Why is the Gnomon workshop in this article and not on the disambiguation page? ..or why isn't all the other disambiguation page stuff crammed into this article too?

Fixed —The preceding unsigned comment was added by 71.97.20.102 (talk) 14:59, 3 May 2007 (UTC).[reply]

bulleted items[edit]

User:Gentlemath, do we really want the "History" section to be in bulleted-list format? (I undid it, but you reinstated it). I think it makes it harder to read and to understand any connections, because bulleted lists are usually reserved for lists of discreet items. Right now it looks more like a powerpoint slide than an article, and we all know how crummy powerpoint presentations are for presenting large amounts of text. (Wikipedia's Manual of style agrees - "Bulleted and numbered lists: Do not use lists if a passage reads easily using plain paragraphs.")

I didn't do a very good job of turning it back into prose/text, but I think bulleting items is the wrong approach. - DavidWBrooks (talk) 13:22, 3 May 2009 (UTC)[reply]

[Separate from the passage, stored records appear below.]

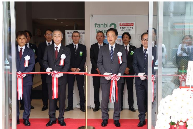
オープニングセレモニーの様子(8月1日実施)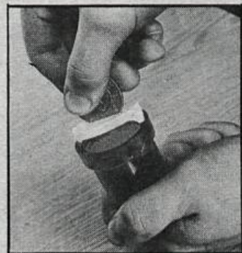
Nýja lyfjaglasíð sem allar íslenzkar pillur verða bráðum í.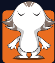
Body: 03 Eyes: 041

۲. سطح متوسط: در سطح متوسط نیز مانند سطح آسان سه جای خالی مشخص شده است که برای پر کردن هر یک از آن‌ها باید پیکسی‌ای با آن مشخصات داشته باشید با این تفاوت که در هر جای خالی، دو نوع از اعضای بدن هر پیکسی تعیین شده است.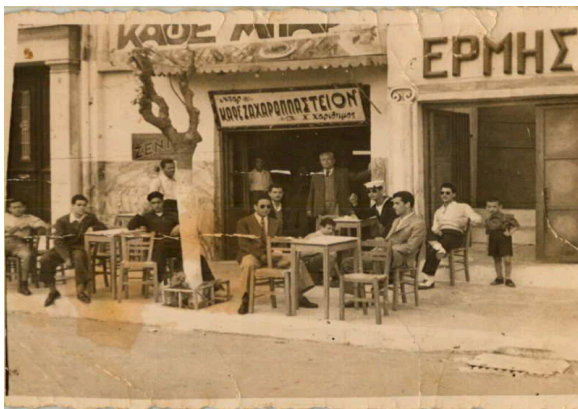
Χαρακτηριστική εικόνα της παλιάς Αθήνας

Ο τραγουδιστής με τη βελούδινη φωνή, Νίκος Γούναρης, γεννήθηκε στη Ζαγορά του Πηλίου το 1915 και μεσουράνησε τη δεκαετία του 1950 στο ελληνικό πεντάγραμμο, είτε σόλο, είτε σε συνεργασία με το Τρίο Μπελκάντο. Υπηρέτησε με συνέπεια το λεγόμενο ελαφρό τραγούδι, αυτό που πολλοί Έλληνες αποκαλούν «Ευρωπαϊκό». Η δεκαετία του '50 χαρακτηρίστηκε από τη μεγάλη κόντρα του λαϊκού και ελαφρού τραγουδιού, το οποίο ταίριαζε απόλυτα με την προσπάθεια της Ελλάδας να γίνει επιτέλους Ευρώπη, μετά τον αδελφοκτόνο εμφύλιο πόλεμο. Ο Γούναρης ήταν ο κύριος εκφραστής αυτού του είδους. Χαρακτηριστικά είναι τα λόγια του Τσιτσάνη: «Όσο υπάρχει Γούναρης δεν μπορεί το λαϊκό να σηκώσει κεφάλι». Το λαϊκό τραγούδι θα πάρει, βεβαίως, τη ρεβάνς πολύ σύντομα, τη δεκαετία του '60 και θα κυριαρχήσει ολοκληρωτικά τα επόμενα χρόνια. Ο Νίκος Γούναρης πρωτοεμφανίστηκε το 1936 και αναδείχθηκε στην Κατοχή, παράλληλα με τη συμμετοχή του στην Αντίσταση. Προσέφερε ανεκτίμητες υπηρεσίες στον αγώνα της απελευθέρωσης και για τις πράξεις του τιμήθηκε με το Αριστείο της Εθνικής Αντίστασης. Μεγάλες επιτυχίες του υπήρξαν τα τραγούδια: «Αυτός ο άλλος», «Ένα βράδυ που 'βρεχε», «Σκαλί σκαλί θα κατεβώ» και «Αρχισαν τα όργανα». Πέθανε στις 5 Μαΐου του 1965, χτυπημένος από την επάρατη νόσο.

I kind of agree with you but I also didn't do a great job on prose. I just liked the idea of an evolution from sundial to odd number. I tried one paragraph since there is no natural break. How about this? Do you think the bold is is too aggresive? Actually I am not sure if the instrument for drawing perpendicular lines or a line drawn perpendicularly came first. I opted for putting the instrument next to the shape of the instrument.
Anaximander (610546 BC) is credited with introducing this Babylonian instrument to the Greeks.[1] Perhaps because the gnomon often rises vertically from a horizontal face, Oenopides used the phrase drawn gnomon-wise to describe a line drawn perpendicular to another.[2]. Later, the term was used for an L-shaped instrument like a steel square used to draw right angles. This shape may explain its use to describe a shape formed by cutting a smaller square from the corner of a larger one. Extending this, Euclid extended the term to the plane figure formed by removing a similar parallelogram from a corner of a larger parallelogram. Even more generally, Hero defined a gnomon as that which, added to an entity (number or shape), makes a new entity similar to the starting entity. In this sense Theon of Smyrna used it to describe a number which added to a polygonal number produces the next one of the same type. The most common use in this sense is an odd integer especially when seen as a figurate number between square numbers. —Preceding unsigned comment added by Gentlemath (talkcontribs) 19:46, 4 May 2009 (UTC)[reply]

References

Projects[edit]

This page actually has hardly anything to do with China and also not much to do with time (sundial does). I didn't want to delete the headers but ....--Gentlemath (talk) 19:50, 4 May 2009 (UTC)[reply]

Linking references to the text[edit]

I am not able to make a reference on the line about Gnomons used during the Apollo Program to the footnote I made. Can somebody fix that for me? Thanks...I have not learned how to do it myself.